## Your goal
Could you transcribe exactly the lines below, from the line with "右フックで飛び込む横内をかわ" through the line with "1.活动期间,玩家寻宝次数达到1000次即可参与到摸金校尉排行榜中", and nothing else, leaving out the pictures?

## Extracted information
────
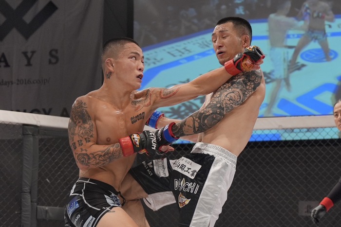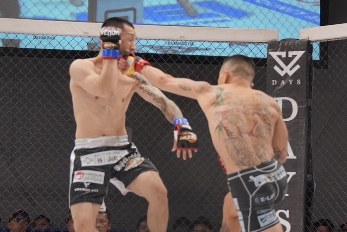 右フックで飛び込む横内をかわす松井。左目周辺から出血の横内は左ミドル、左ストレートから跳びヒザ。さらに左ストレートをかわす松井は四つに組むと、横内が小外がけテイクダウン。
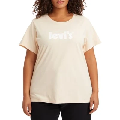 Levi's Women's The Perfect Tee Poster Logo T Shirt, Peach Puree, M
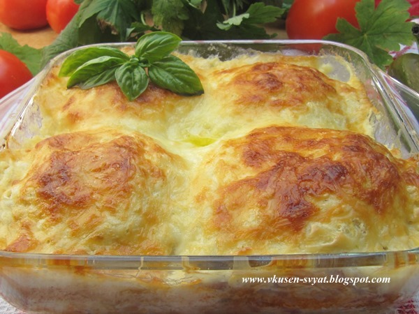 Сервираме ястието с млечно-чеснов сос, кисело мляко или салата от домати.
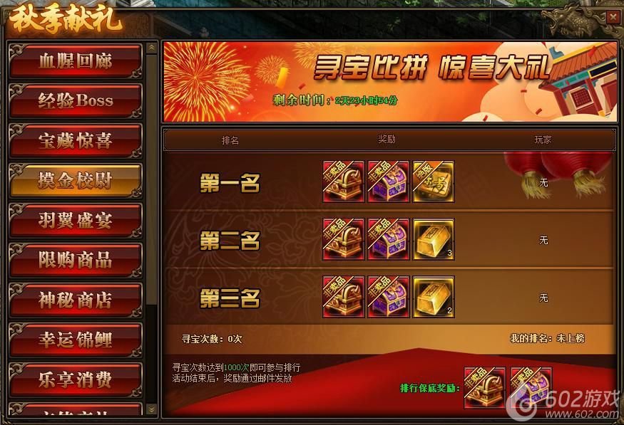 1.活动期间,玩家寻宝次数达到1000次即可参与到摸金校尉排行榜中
────
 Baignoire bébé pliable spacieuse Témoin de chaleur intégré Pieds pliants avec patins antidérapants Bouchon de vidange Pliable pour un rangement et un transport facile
────
## Written response
 右フックで飛び込む横内をかわす松井。左目周辺から出血の横内は左ミドル、左ストレートから跳びヒザ。さらに左ストレートをかわす松井は四つに組むと、横内が小外がけテイクダウン。
 Levi's Women's The Perfect Tee Poster Logo T Shirt, Peach Puree, M
 Сервираме ястието с млечно-чеснов сос, кисело мляко или салата от домати.
 1.活动期间,玩家寻宝次数达到1000次即可参与到摸金校尉排行榜中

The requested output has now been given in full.